Left and Right is a collaboration between composer/performer Molly Joyce, dancer Jerron Herman, writer Max Greyson, and director Austin Regan to examine historical myths of the left versus right side. The work specifically explores  the traditionally cursed and dark left side of the body, sourcing stories from ancient Mesopotamians to the Egyptians, Greeks, and Romans. These societies collectively held strong biases against the left hand, often relegated  to  curses and inflicting injury while the right hand was considered healing and beneficent. Left and Right intersects, overlaps, diverges, and collaborates through the disparate yet synergic disciplines of dance and music, with a digital film presentation to unite and contrast the two. The work will incorporate accessibility as aesthetic; including open captions, sign language interpretation, and audio and sound descriptions, with contributions from curator Sandy Guttman and more. This presentation is part of Molly’s season-long fellowship with National Sawdust and the Center for Ballet and the Arts.

Accessibility: For accessibility purposes, open captioning, audio description, and American Sign Language (ASL) interpretation will be provided for the virtual program. If you have further questions about accessibility for the program, please email marketingadmin@nationalsawdust.org.

Bios: 

Molly Joyce was recently deemed one of the “most versatile, prolific and intriguing composers working under the vast new-music dome” by The Washington Post. Her music has been described as a vessel of “serene power” (New York Times), written to “superb effect” (The Wire);“unwavering” and “enveloping” (Vulture). Her work draws on disability as a creative source. After suffering an impaired left hand from a previous car accident, one of her primary mediums became an electric vintage toy organ—an instrument she bought on eBay that engages her disability on a compositional and performative level.

Joyce’s creative projects have been presented at TEDxMidAtlantic, Bang on a Can Marathon, Danspace Project, Americans for the Arts, National Sawdust, Gaudeamus Muziekweek, National Gallery of Art, Classical:NEXT; and featured in outlets such as Pitchfork, Red Bull Radio, WNYC’s “New Sounds”, and I Care If You Listen.

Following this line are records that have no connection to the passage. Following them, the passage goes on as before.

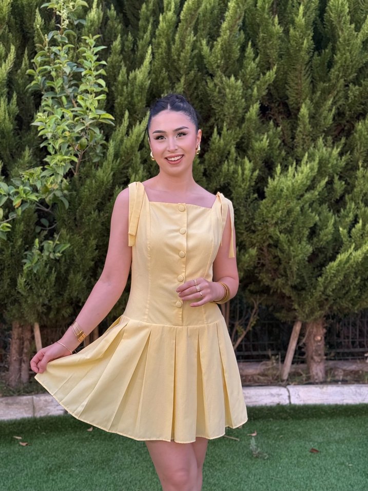 Sarı Mini Askılı Pilili Kadın Elbise - Görsel 2
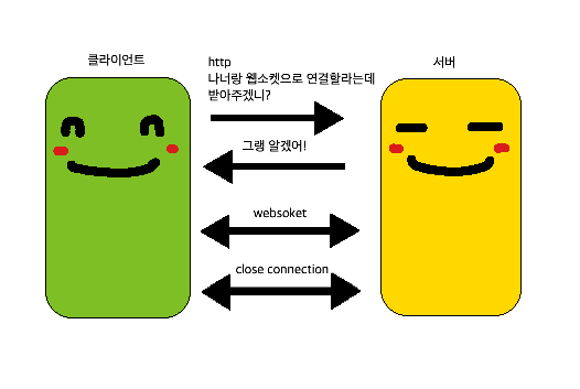 사실 클라이언트에서 polling을 통해 계속해서 서버에게 요청을 보내고 실시간(인 척하는) 정보를 받아올 수도 있겠으나, 서버에서 바뀐 정보가 없다면 불필요한 요청을 계속해서 보내게 되는 것이어서 HTTP 프로토콜이 아닌 웹소켓 프로토콜을 이용해 구현해보기로 결정, 관련 내용을 찾아보게 되었습니다.
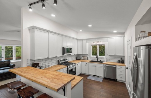 this is a multi-level home, with a spacious and functional floorplan The main level contains a large living room with gas log fireplace, dining area, custom kitchen, and half bath/laundry room. The kitchen is fully stocked everything needed to prepare a wonderful meal, and is equipped with stainless steel appliances, custom cabinetry, and butcher block countertops.
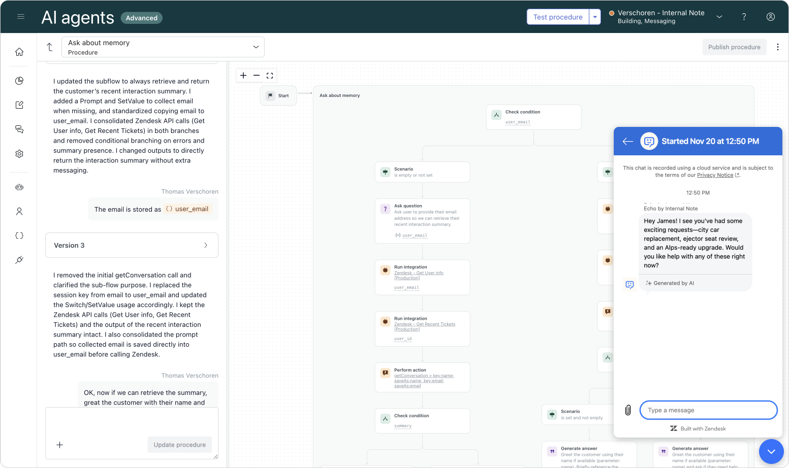Zendesk’s AI Agents don’t yet maintain that conversational memory across interactions. Each conversation is still handled as a standalone moment. However, we can already simulate parts of this using Agent Copilot summaries, APIs, and procedures.
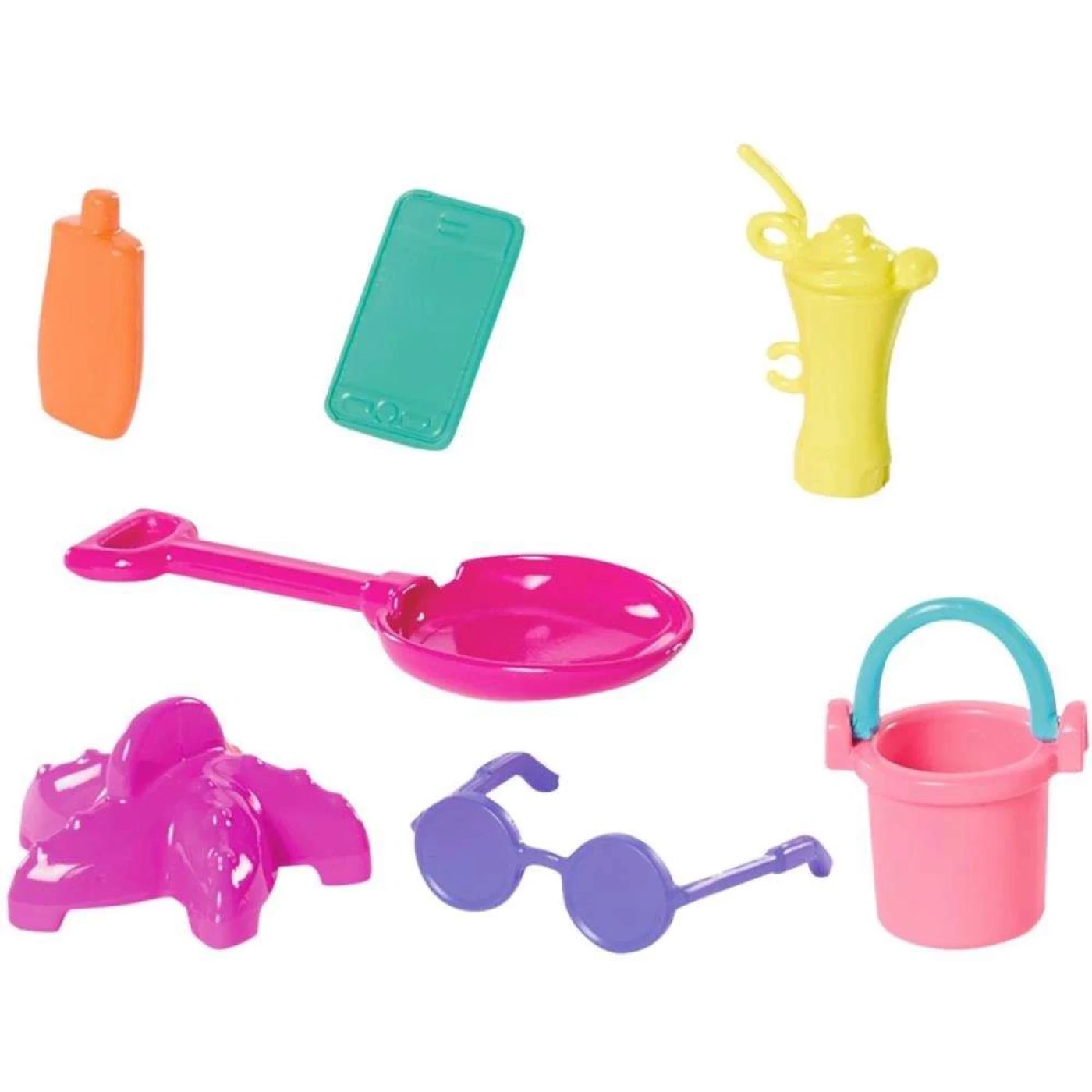 Com os 10 itens ( 1Guarda-sol, 1 cadeira espreguiçadeira, 1 toalha de praia, 1 óculos de sol, 1 celular, 1 protetor solar, 1 copo de suco, 1 balde, 1 pá e 1 estela do mar) fazem a imersão ser muito maior para a criançada que adora se divertir ao lado da Barbie.
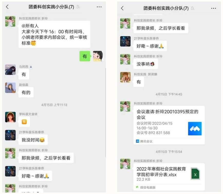 2022年4月15日,应团委书记王小婉老师要求,为促进寒假社会实践成果回收工作高效有序开展,团委科创实践部组织开展部门内部工作会议,明确寒假社会实践成果回收工作的要求与分工,促进本次寒假社会实践成果回收工作高效、高质量地完成。

Her compositional works have been commissioned and performed by ensembles including the Vermont, New World, New York Youth, Pittsburgh, Albany, and Milwaukee Symphony Orchestras, as well as the New Juilliard, Decoda, and Contemporaneous ensembles. Additionally, she has written for publications 21CM, Disability Arts Online, and collaborated across disciplines, including with visual artists Lex Brown and Julianne Swartz, choreographers Melissa Barak and Jerron Herman, director Austin Regan, and writers Marco Grosse and Christopher Oscar Peña.

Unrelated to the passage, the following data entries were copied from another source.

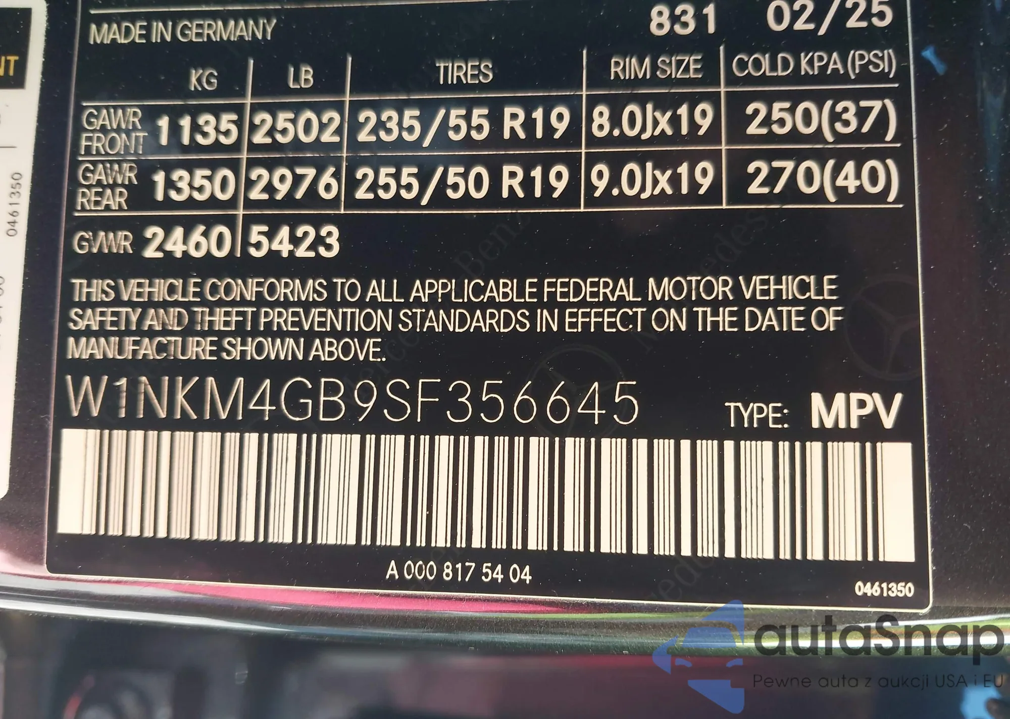 • VIN: W1NKM4GB9SF356645
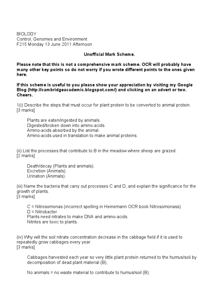 Ocr F322 June 2014 Unofficial Mark Scheme Complete Guide
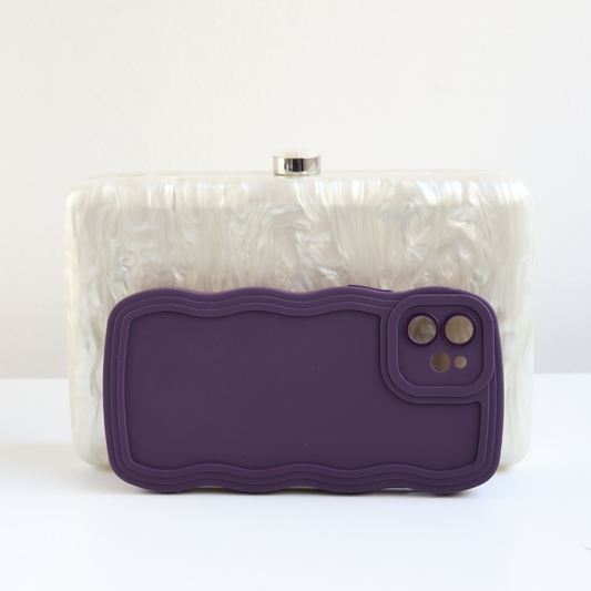 Bolsa de Festa Clutch Acrílico Perolado Meia Lua Branca
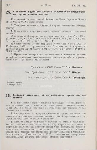 Постановление Центрального Исполнительного Комитета и Совета Народных Комиссаров. О введении в действие основных положений об имущественных правах местных советов. 9 января 1929 г.

Joyce is a graduate of The Juilliard School, Royal Conservatory in The Hague, Yale School of Music, and an alumna of the National YoungArts Foundation. She currently serves on the composition faculty at New York University, Steinhardt.

Austin Regan is an NYC-based director of opera, theater, and video. Recent works include Out of a Thought with Molly Joyce for PROTOTYPE; Rigoletto at Minnesota Opera (". . . a scorching take on politics, patriarchy, and power," Minneapolis Star Tribune); Discount Ghost Stories at Local Theater Co ("Hauntingly beautiful," Boulder Daily Camera); Loose Wet Perforated (Guerilla Opera), The Trojan Women (The Hangar Theatre); Mad Libs (New World Stages); Well Worn Words (Ars Nova); The Blind (The Flea Theater). As asst/associate director, he has worked on four Broadway shows, the Metropolitan Opera, and Off-Broadway's Little Shop of Horrors. Austin is a Drama League Fellow.

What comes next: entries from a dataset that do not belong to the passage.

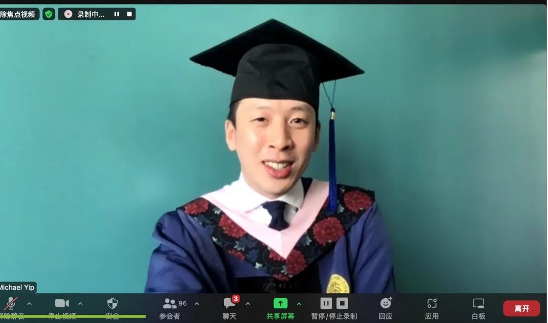 Following this speech, Assistant Dean Chen Changwei took to the podium to announce the names of the graduating Scholars resident at the on-campus YCA Shaoyuan dormitory. He congratulated the students for defeating the “tyranny of distance,” possessing a window of hope despite the pandemic, and successfully graduating. Similarly, Associate Dean Haas read the names of graduating Scholars who attended the graduation ceremony online.
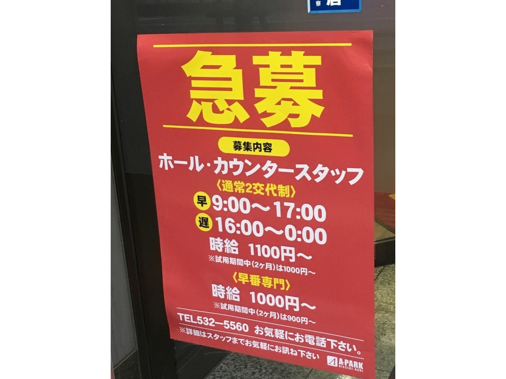 Aパーク 日赤通り店のアルバイト パート求人情報 Joblist ジョブリスト スマホであつめる みんなの街の求人はり紙
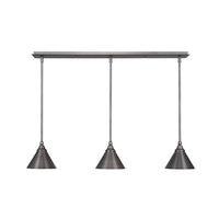 Toltec Lighting 36-BN-421 3 Light Linear Pendalier With Hang Straight Swivels Shown In Brushed Nickel Finish With 7" Brushed Nickel Cone Metal Shade. Rated for: Dry location. Light Bulb Data: 3 Medium 100 watt. Bulb included: No.

Max Greyson is a poet, theater writer and spoken word performer from Antwerp, Belgium. He has been touring in Europe since 2011, writing and performing in the music theatre productions of the Un-Label Performing Arts Company, based in Cologne. In 2015, he became vice-champion at the Dutch National Championships of Poetry Slam in the Netherlands, receiving acclaim as “lyrical poet and the innovator of phrases”. In 2016, his debut collection of poems Madness doesn’t settle was published by De Arbeiderspers, and  nominated for the Jo Peters Poetry Prize. This year, his second collection of poems, Et alors, was published. Greyson is the artistic director of ARType vzw, an organization that features the music theatre collective Voyeurs. Their second music theatre production, Voyeurs in BXL, premiered in 2019. As of 2019, he holds a position as researcher at the Antwerp Royal Conservatoire. His project ArtInAD is an artistic research project of integrated audio-description for the blind and visually impaired in music theatre.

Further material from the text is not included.